World News

    UN Invite to Iran Throws Syria Peace Talks Into Doubt

    Syria's main Western-backed opposition has threatened to sit out a peace conference this week aimed at ending the country's civil war unless the United Nations retracts its last-minute decision to invite Iran.

    The Syrian National Coalition said it would not attend the talks unless the U.N. withdraws the invitation to Iran by 1900 GMT Monday.

    France and Saudi Arabia joined the United States in rejecting Iran's participation in the Geneva 2 peace talks - scheduled to open Wednesday in Switzerland - unless Tehran publicly agreed to help to establish a transitional government for Syria with full executive powers.

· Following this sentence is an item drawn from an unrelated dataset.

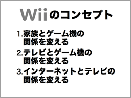 昨年お話ししましたとおり、私達は、Wiiを開発するにあたって3つの開発コンセプトを設定しましたが、家族とゲーム機の関係を変えることについては、家庭内ユーザーの数が増えていることで、一定の成果を上げていると考えています。また、テレビとゲーム機の関係を変えることについては、先ほどお話しした調査の中で、Wiiのリビングルームへの設置率が83%に達していることなどで、一定の手応えを得ています。 問題は、最後のインターネットとテレビの関係についてです。

    U.N. Secretary-General Ban Ki-moon said his invitation to Tehran came after he had received assurances from Iran that it had accepted that premise.



    The Iranian foreign ministry said Monday it had accepted the invitation "without preconditions."

    But the semi-official Fars news agency quoted lawmaker Abbasali Mansouri and a second, unnamed source as saying Iran's participation did not mean it backed a plan for Syria's political transition agreed at a Geneva conference in June 2012.

    The United States and its allies say this plan means Syrian President Bashar al-Assad would have to step down.

    The U.N. chief told reporters Sunday he believes Iran "needs to be a part of the solution in Syria," and that Iranian Foreign Minister Javad Zarif assured him Iran understands the basis of the talks.

    Mr. Assad told the French news agency in an interview published Monday that the conference must focus on terrorism, and that his forces are fighting an extremist group, not a popular uprising.

    The Syrian government has routinely classified opposition fighters as terrorists throughout the nearly three-year-old conflict.

    AFP quoted Mr. Assad saying some of the opposition groups set to attend the conference were "created" by intelligence agencies in Qatar, Saudi Arabia, France and the United States. Each of those nations is a member of the so-called Friends of Syria, which has supported the opposition.

    Mr. Assad also said there is a "significant" chance he will run again for president, and that he will not hesitate to do so if the public supports his candidacy.

    Syria has said the issue of Mr. Assad giving up power is not up for discussion at the peace talks, so few experts expect the negotiations will reach this goal. But they say they do hope the discussions will result in increased humanitarian access and local cease-fires to make life easier for Syrian civilians.